GPIFのページって、個人投資家のバイブルとして見れるよね
今回はGPIFのページを見ていて、改めてよくできているなと思ったので、書いてみたいと思います。
GPIFとは皆さんご存知の通り、「年金積立金管理運用独立行政法人」(Government Pension Investment Fundの略)で、我々の年金を運用してくれている機関です。我々は年金を積み立てており、それを運用してくれている形になります。これって何となく我々が行う投資の積み立てに似ていると感じるかと思います。

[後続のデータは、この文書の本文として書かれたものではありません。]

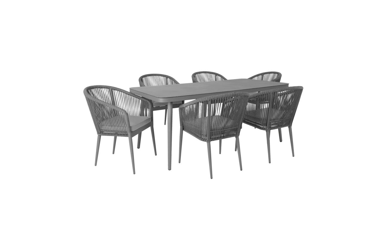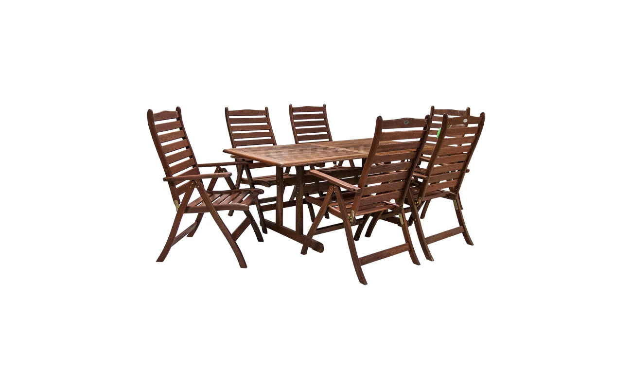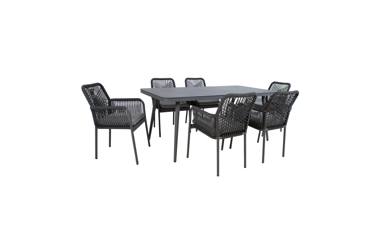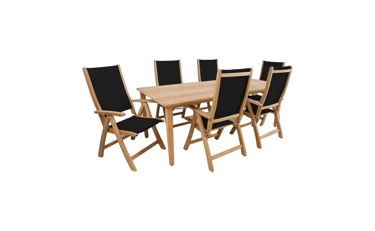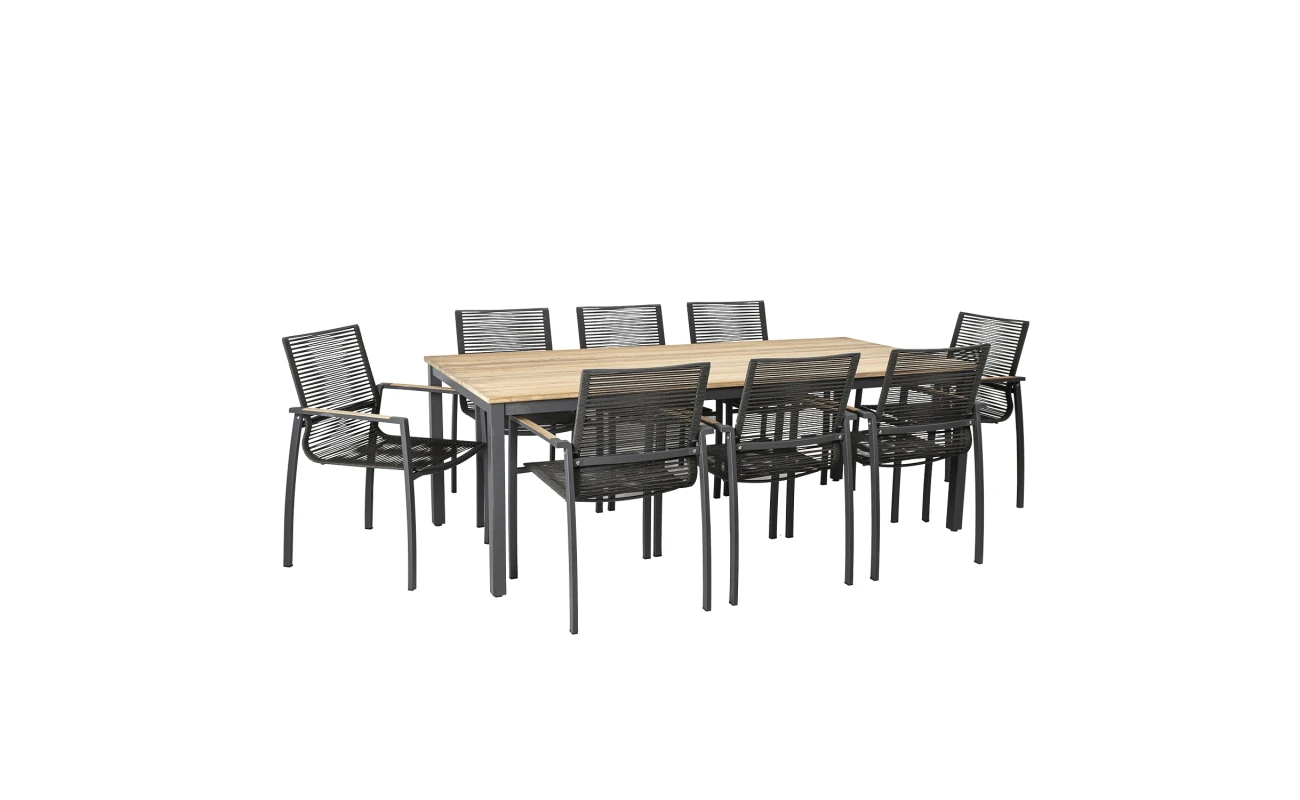 Aiamööbli komplekt HELSINKI laud ja 4 tooli. Laua mõõdud on D120xH74cm. Lauaplaat: tiikpuu dekooriga ilmastikukindel kõrgsurvelaminaat. Laua raam ja jalad on valmistatud alumiiniumist ning viimistletud musta pulbervärviga. Tooli mõõdud on 64x65xH84cm. Tooli jalad ja raam on valmistatud alumiiniumist. Tooli iste ja seljatugi on kaetud musta plastikpunutisega. Istmepadi kuulub komplekti. Padjakate on valmistatud tumehallist polüesterkangagast. Tooli jalad ja alusraam on käsitsi värvitud tiikpuud meenutava bee˛i värviga. Kaalupiirang 120kg. Toode on muutlikes ilmastikutingimustes hästi vastupidav ja lihtsalt hooldatav. Kaitset ilmastikuolude eest vajavad ainult padjad. Välitingimustes kasutatava mööbli eluea pikendamiseks soovitame kasutada välimööbli katteid. HOIUSTAMINE: suvehooaja lõppedes soovitame aiamööblit hoiustada siseruumides. Puhastage ja kuivatage mööbel enne hoiule panekut. Kasutage hoiustamiseks kuiva ning hea ventilatsiooniga ruumi.

では実際にどのような運用をしているのか見ていきたいと思います。
基本のポートフォリオ
まずGPIFのHPより「基本ポートフォリオ | 年金積立金管理運用独立行政法人」を見るてみましょう。運用資産の振り分け(アロケーション)を見ることができます。
どうですかね。株式資産の比率を増やしたと言われていますが、債券への投資も十分狙っているので、そこまでリスクの高いポートフォリオにはないように見えます。
実際の数値目標としては、運用利回りが3.2%。これは物価上昇分を加味したうえで、実質1.1%の利回りを目指しているとのことです。
出典:基本ポートフォリオの考え方 | 年金積立金管理運用独立行政法人
実際の運用成績はどうか。
2017年8月に発表された「2001年以降の累積収益」は年率換算で+3.07%、金額ベースで言うと+58.5兆円となったそうです。
今回のこの運用結果に関して高橋理事長は以下のようにコメントをしています。
2017(平成29)年度第1四半期(4月~6月)は、内外の堅調な経済指標、良好な企業業績により、世界的な株高基調が継続しました。また、日銀の金融緩和が継続される中で、FRB(米連邦準備理事会)の政策金利引き上げやECB(欧州中央銀行)等の金融政策正常化観測から円安基調となりました。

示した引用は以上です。